◆ THE RECORDS ◆

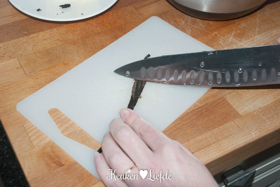 Snijd de helft van het vanillestokje open en schraap met een mes het merg eruit. (De andere helft kun je bewaren in een luchtdichte zak voor een ander recept, of in een suikerpot stoppen voor zelfgemaakte vanillesuiker.)
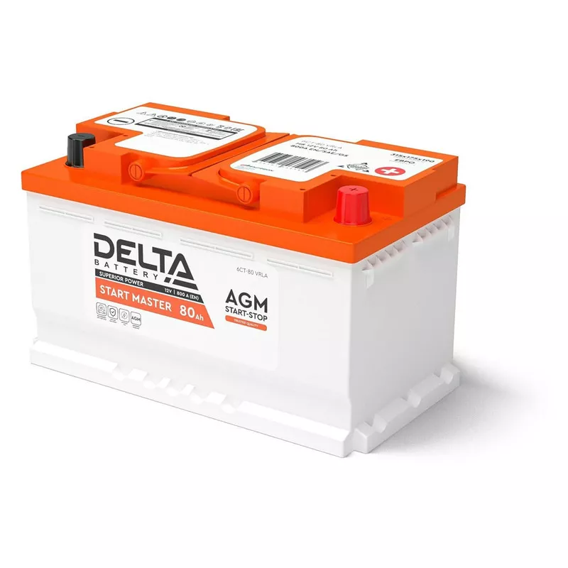 Аккумуляторы DELTA START MASTER изготавливаются по технологии AGM (Absorbent Glass Mat — электролит, абсорбированный в стекловолоконном сепараторе) и разработаны специально для автомобилей с повышенными требованиями к энергопотреблению. Высокотехнологичный производственный процесс и особое внимание к качеству материалов позволили разработать аккумулятор с увеличенным сроком службы и высокой устойчивостью к глубокому разряду. Аккумулятор адаптирован для применения в автомобилях с системой START-STOP.
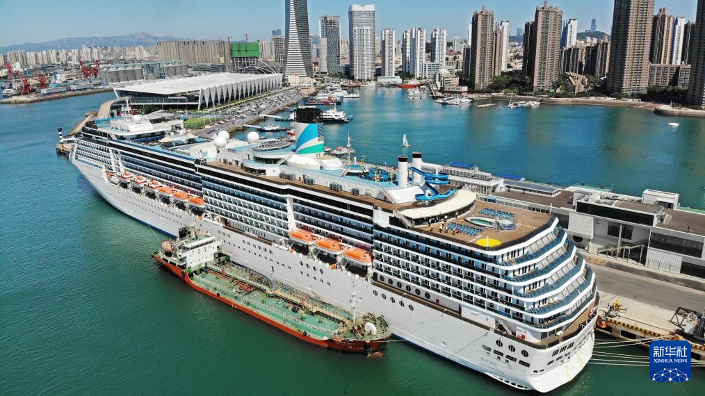 巴哈马籍“爱达·地中海”号邮轮靠泊山东青岛国际邮轮母港(6月27日摄,无人机照片)。
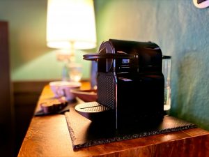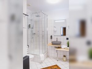 Komfort & Ausstattung:Das helle Zimmer verfügt über einen gemütlichen Sitzbereich, einen Smart-TV mit Streamingdiensten sowie eine Kaffeemaschine für deinen Lieblingskaffee am Morgen. Der hochwertige Holzboden, frische Bettwäsche und weiche Handtücher sorgen für ein angenehmes Wohlfühlambiente. Kostenloses WLAN ist selbstverständlich vorhanden.
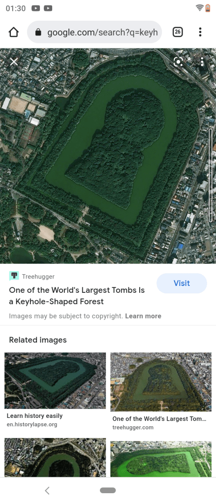 JM also sent this screenshot of the keyhole shapes known as Kofun, of what are described as megalithic tombs found mainly in Japan, but other parts of northeast Asia.
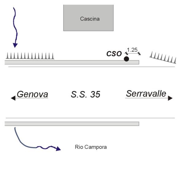 | Contrassegni | [{"simbolo_contrassegno":"B1","materializzazione":"(CSO) Bullone in ghisa infisso a m 1.25 dallo spigolo destro del parapetto del cavalcavia sul rio Campora, lato sinistro S.S. n\u00b035 in direzione Serravalle, facciata esterna rispetto alla strada"}] |

◆ TASK TO COMPLETE ◆
Transcribe the data exactly, minus any images.

◆ WORKED SOLUTION ◆
 Snijd de helft van het vanillestokje open en schraap met een mes het merg eruit. (De andere helft kun je bewaren in een luchtdichte zak voor een ander recept, of in een suikerpot stoppen voor zelfgemaakte vanillesuiker.)
 Аккумуляторы DELTA START MASTER изготавливаются по технологии AGM (Absorbent Glass Mat — электролит, абсорбированный в стекловолоконном сепараторе) и разработаны специально для автомобилей с повышенными требованиями к энергопотреблению. Высокотехнологичный производственный процесс и особое внимание к качеству материалов позволили разработать аккумулятор с увеличенным сроком службы и высокой устойчивостью к глубокому разряду. Аккумулятор адаптирован для применения в автомобилях с системой START-STOP.
 巴哈马籍“爱达·地中海”号邮轮靠泊山东青岛国际邮轮母港(6月27日摄,无人机照片)。
 Komfort & Ausstattung:Das helle Zimmer verfügt über einen gemütlichen Sitzbereich, einen Smart-TV mit Streamingdiensten sowie eine Kaffeemaschine für deinen Lieblingskaffee am Morgen. Der hochwertige Holzboden, frische Bettwäsche und weiche Handtücher sorgen für ein angenehmes Wohlfühlambiente. Kostenloses WLAN ist selbstverständlich vorhanden.
 JM also sent this screenshot of the keyhole shapes known as Kofun, of what are described as megalithic tombs found mainly in Japan, but other parts of northeast Asia.
 | Contrassegni | [{"simbolo_contrassegno":"B1","materializzazione":"(CSO) Bullone in ghisa infisso a m 1.25 dallo spigolo destro del parapetto del cavalcavia sul rio Campora, lato sinistro S.S. n\u00b035 in direzione Serravalle, facciata esterna rispetto alla strada"}] |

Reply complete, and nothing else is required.